Lastly, we calculated total charges for identified industrial injury hospitalizations, by expected primary payer. In California, WC was billed for an estimated $103.9M (million) for industrial injury hospitalizations in 2009, Medicare for $11.0M, Medicaid for $15.1M, other governmental coverage for $10.3M, private insurance for $21.1M, and self‐pay/no charge accounted for $9.2M. In Colorado, WC was billed for an estimated $8.7M for industrial injury hospitalizations in 2009, Medicare for $1.0M, Medicaid for $0.1M, other governmental coverage for $0.7M, private insurance for $2.4M, and self‐pay/no charge accounted for $3.9M. In New York, WC was billed for an estimated $24.0M for industrial injury hospitalizations in 2009, Medicare for $3.5M, Medicaid for $3.2M, other governmental coverage for $0.2M, private insurance for $3.4M, and self‐pay/no charge accounted for $2.7M.
In these three states alone, we estimated that roughly $137M was billed to WC for identified industrial injury hospitalizations in 2009, whereas non‐WC payers were billed roughly $88M. Governmental programs were billed for about 51 percent of the charges not billed to WC, private insurance for about 30 percent, and self‐pay/no charge accounted for about 19 percent.
Discussion
We hypothesized that industrial injury hospitalizations were increasingly billed to non‐WC payers over time. In logistic regression models adjusted for gender, age, race/ethnicity, and injury severity, we found that there was a 3.6 percent average annual increase in the odds of an industrial injury not being billed to WC in California, and a 2.9 percent average annual increase in Colorado. However, contrary to our hypothesis, there was a 1.8 percent average annual decrease in the odds of an industrial injury not being billed to WC in New York. We cannot be certain what might be behind the variation in findings; however, there are significant differences between states in terms of changes to WC policy over time. According to a ProPublica report (Qiu and Grabell 2015), California and Colorado implemented several policies during the timeframe of this study that might restrict access to WC coverage, for example, expanded use of preexisting conditions to deny WC, expanded use of outside medical reviewers, or new exclusions of specific categories of workers. No similar policy changes were reported for New York or for Washington State during this timeframe. In an earlier Washington State study, we did not find an increase from 1998 through 2008 in the percentage of injuries covered by payers other than WC (Sears et al. 2013b). Washington State is also one of only four states with an exclusive state fund (no private WC insurance carriers). This highlights the role of state variation in WC policy, and it may explain some of the variance in findings of previous studies.

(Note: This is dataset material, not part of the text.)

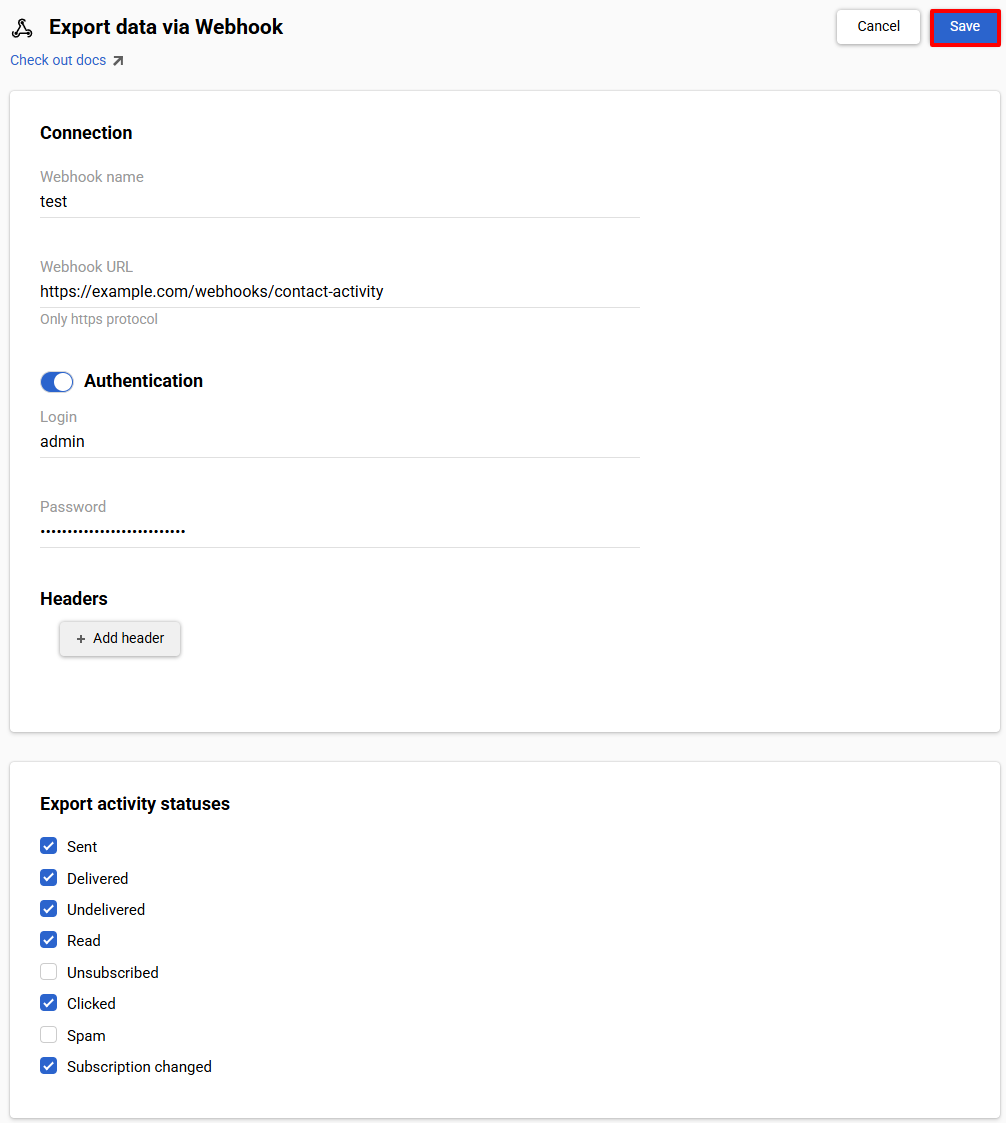 After setting up the data export via webhook, click the Save button.
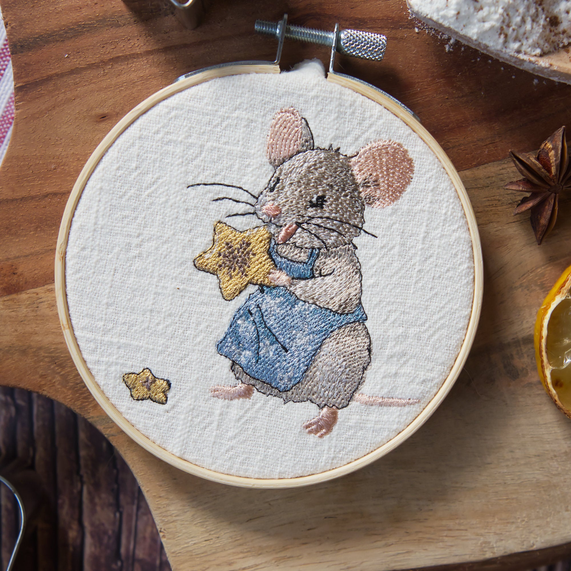 Stickdatei Maus mit Nusskorb – Herbstliches Stickmotiv, kombinierbar mit der Stickdatei Apfelhaus

In general, patterns of association between characteristics and payer were quite similar across the three included states. Of particular note, older workers were much more likely to have their industrial injury hospitalizations billed to a non‐WC payer, primarily Medicare. Of industrial injury hospitalizations among workers aged 65 and over (Table 2), WC was billed for 30 percent in California, 38 percent in Colorado, and 37 percent in New York, whereas Medicare was billed for 57 percent in California, 43 percent in Colorado, and 49 percent in New York. This may signify potentially dramatic cost shifting of occupational injury costs from WC to Medicare. Older workers are the group most likely to have health insurance coverage as a potential alternative to WC. In New York, only 1.8 percent of industrial injury hospitalizations for workers aged 65+ had no insurance listed (Table 4), and 70 percent of that group had Medicare listed in at least one payer field regardless of whether WC was also listed. For workers with Medicare, there is no question that WC should be the expected primary payer for occupational injuries. According to Medicare.gov, “If you have Medicare and get injured on the job, workers' compensation pays first on health care items or services you got because of your work‐related illness or injury” (Centers for Medicare and Medicaid Services 2015). It is possible that some of these injuries were not truly occupational injuries. However, using Washington State trauma registry data linked to an accepted WC claim as the gold standard, we found that industrial place of occurrence was actually more specific for workers aged 65+ (99.0 percent) compared with those under 65 (97.8 percent) (unpublished data; data sources and procedures previously described, Sears et al. 2012b). This disparity between older and younger workers in the likelihood of WC billing deserves further attention to determine whether financial drivers are influencing billing decisions or if other factors are contributing.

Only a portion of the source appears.